Briony looked at the vampire carefully, trying to tell if he was lying. “Pietre and Marcus were fighting?”
“Until Pietre ran. Though he stopped at the edge of the battle and let Marcus see him.” The vampire looked confused. “I don’t know why he did that.”
Briony could only think of one reason. “He wanted him to follow, but why? Where was he headed?”
“I don’t know,” the vampire insisted. “Before the fight, they were talking about the diner, but…” The vampire didn’t finish and twisted free of Briony’s grip, running for the trees. Almost without thinking, Briony incinerated the vampire with a ball of fire.
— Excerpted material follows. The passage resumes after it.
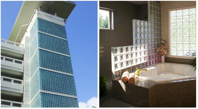 Khối kính rỗng song song màu xám xanh hồng đục sóng biển trong suốt 80.0mm dùng trang trí nhà cửa và xây tường kính

“We need to get to the diner,” Briony
said.
“Even though he could be lying?” Kevin pointed out. “This could just be a ploy to keep you away from the gate, and you know the scepter is drawing you there.”
Briony shook her head. “We can’t take that risk. It’s obvious Pietre is planning to use Marcus to kill the Preservation Society by leading him to the diner. That would be carnage.”
Kevin nodded. “Manipulating him that way sounds like the kind of thing Pietre would do.”
“So we have to get there and stop it,” Briony said. By the time she’d finished saying it, Kevin was already in his wolf form. Briony didn’t know what it would look like, riding through town on the back of a wolf, but right then she didn’t care. Not with her friends’ lives at stake. She fastened the chain of the scepter/pendant around her neck and then climbed onto his back.
By the time they got to the diner though, Briony needn’t have worried about the way things looked. The space around it looked like a war zone. A couple of cars parked by the curb in front of the place were wrecked, while there actually seemed to be some kind of moat running around the building. Water was spraying through the air from hidden sprinklers, and there were men and women laying on the ground who looked like they’d been caught in some kind of bomb blast, so badly were they burned.
No, Briony realized as she got closer, not men and women. Vampires. Pietre’s vampires. He’d obviously found some on his way into town and they’d been part of whatever attack was going on, but they’d been sprayed with what had to be holy water. Briony was in such a hurry to get inside that she didn’t even pause to finish them with her sword. She just ran straight for the diner’s door. A vampire got in her way and Briony cut it down. Another stepped up…
…and died as a stake flew across the room from some kind of gun George was holding. Jill was there too, swinging around a silver chain that kept vampires dancing back away from it. There weren’t many in the diner, but there were enough to make it chaos in there. Briony spotted Fallon towards the back, fighting alongside Percy, Pete’s nephew. Of Pete himself there was no sign.